THE TASK> In the records below, the relevant part opens with the line containing "In: After Castle" and closes with the line containing "Sukienka Cornelia Maxi"; print that part exactly and only, without its pictures.

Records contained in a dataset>
>>>>>

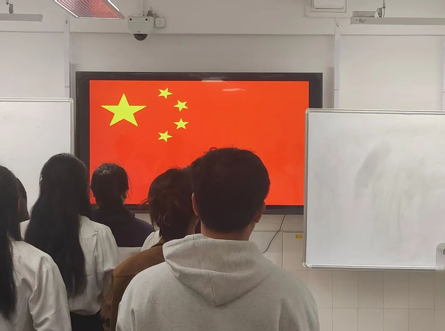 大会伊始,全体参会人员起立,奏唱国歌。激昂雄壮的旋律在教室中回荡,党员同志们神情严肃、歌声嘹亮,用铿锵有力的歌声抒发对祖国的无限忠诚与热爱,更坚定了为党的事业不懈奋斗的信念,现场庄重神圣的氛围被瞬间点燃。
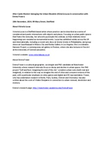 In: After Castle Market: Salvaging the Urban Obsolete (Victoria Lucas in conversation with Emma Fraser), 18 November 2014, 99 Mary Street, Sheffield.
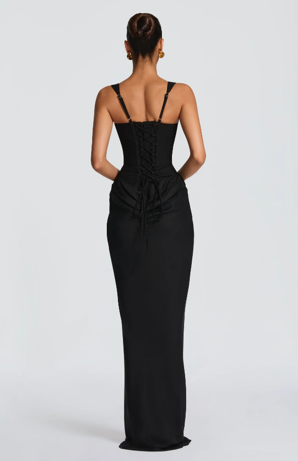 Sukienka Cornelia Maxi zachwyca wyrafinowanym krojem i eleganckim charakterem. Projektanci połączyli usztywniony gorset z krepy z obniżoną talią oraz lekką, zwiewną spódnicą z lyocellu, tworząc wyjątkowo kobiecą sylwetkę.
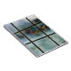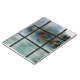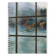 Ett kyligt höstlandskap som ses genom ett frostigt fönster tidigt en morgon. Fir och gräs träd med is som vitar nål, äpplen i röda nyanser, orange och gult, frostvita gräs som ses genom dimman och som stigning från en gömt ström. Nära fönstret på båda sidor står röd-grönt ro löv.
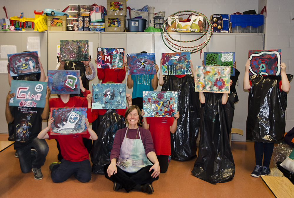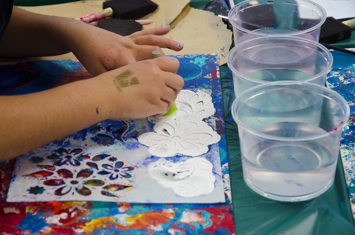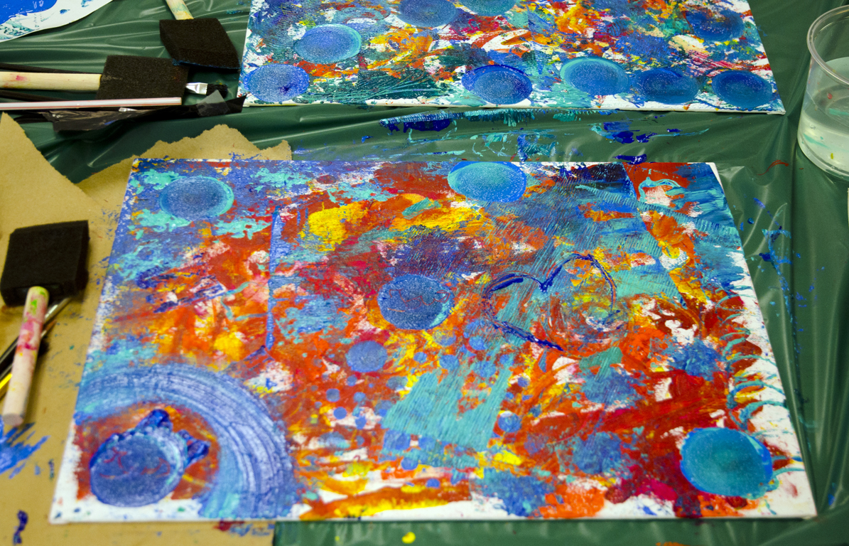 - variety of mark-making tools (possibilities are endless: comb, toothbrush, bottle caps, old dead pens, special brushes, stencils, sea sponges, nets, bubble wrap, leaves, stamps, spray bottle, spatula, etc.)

<<<<<

REPLY>
 In: After Castle Market: Salvaging the Urban Obsolete (Victoria Lucas in conversation with Emma Fraser), 18 November 2014, 99 Mary Street, Sheffield.
 Sukienka Cornelia Maxi zachwyca wyrafinowanym krojem i eleganckim charakterem. Projektanci połączyli usztywniony gorset z krepy z obniżoną talią oraz lekką, zwiewną spódnicą z lyocellu, tworząc wyjątkowo kobiecą sylwetkę.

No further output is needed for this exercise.